Using Random Forest Model Combined With Gabor Feature to Predict Protein-Protein Interaction From Protein Sequence. 结合Gabor特征的随机森林模型在蛋白质序列中预测蛋白质-蛋白质相互作用。

IF 2.6 4区生物学 Q4 EVOLUTIONARY BIOLOGY

Evolutionary Bioinformatics

Pub Date : 2020-06-30 eCollection Date: 2020-01-01 DOI: 10.1177/1176934320934498

Xin-Ke Zhan, Zhu-Hong You, Li-Ping Li, Yang Li, Zheng Wang, Jie Pan

Protein-protein interactions (PPIs) play a crucial role in the life cycles of living cells. Thus, it is important to understand the underlying mechanisms of PPIs. Although many high-throughput technologies have generated large amounts of PPI data in different organisms, the experiments for detecting PPIs are still costly and time-consuming. Therefore, novel computational methods are urgently needed for predicting PPIs. For this reason, developing a new computational method for predicting PPIs is drawing more and more attention. In this study, we proposed a novel computational method based on texture feature of protein sequence for predicting PPIs. Especially, the Gabor feature is used to extract texture feature and protein evolutionary information from Position-Specific Scoring Matrix, which is generated by Position-Specific Iterated Basic Local Alignment Search Tool. Then, random forest-based classifiers are used to infer the protein interactions. When performed on PPI data sets of yeast, human, and Helicobacter pylori, we obtained good results with average accuracies of 92.10%, 97.03%, and 86.45%, respectively. To better evaluate the proposed method, we compared Gabor feature, Discrete Cosine Transform, and Local Phase Quantization. Our results show that the proposed method is both feasible and stable and the Gabor feature descriptor is reliable in extracting protein sequence information. Furthermore, additional experiments have been conducted to predict PPIs of other 4 species data sets. The promising results indicate that our proposed method is both powerful and robust.

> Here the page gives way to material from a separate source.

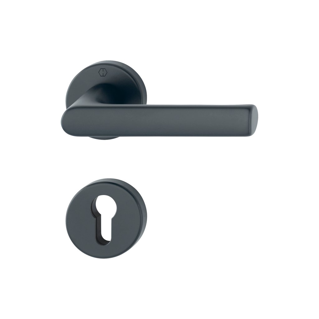 HOPPE Hamburg hliníková sada kľučiek pre interiérové dvere, s rozetami pre cylindrickú vložku.

蛋白-蛋白相互作用(PPIs)在活细胞的生命周期中起着至关重要的作用。因此，了解ppi的潜在机制非常重要。尽管许多高通量技术已经在不同的生物体中产生了大量的PPI数据，但检测PPI的实验仍然昂贵且耗时。因此，迫切需要新的计算方法来预测ppi。因此，开发一种新的预测ppi的计算方法越来越受到人们的重视。在这项研究中，我们提出了一种新的基于蛋白质序列纹理特征的预测ppi的计算方法。特别地，利用Gabor特征从位置特定迭代基本局部比对搜索工具生成的位置特定评分矩阵中提取纹理特征和蛋白质进化信息。然后，使用基于随机森林的分类器来推断蛋白质的相互作用。当对酵母、人类和幽门螺杆菌的PPI数据集进行分析时，我们获得了良好的结果，平均准确率分别为92.10%、97.03%和86.45%。为了更好地评价所提出的方法，我们比较了Gabor特征、离散余弦变换和局部相位量化。结果表明，该方法可行且稳定，Gabor特征描述符在提取蛋白质序列信息方面是可靠的。此外，还进行了其他4种数据集的ppi预测实验。结果表明，该方法具有强大的鲁棒性。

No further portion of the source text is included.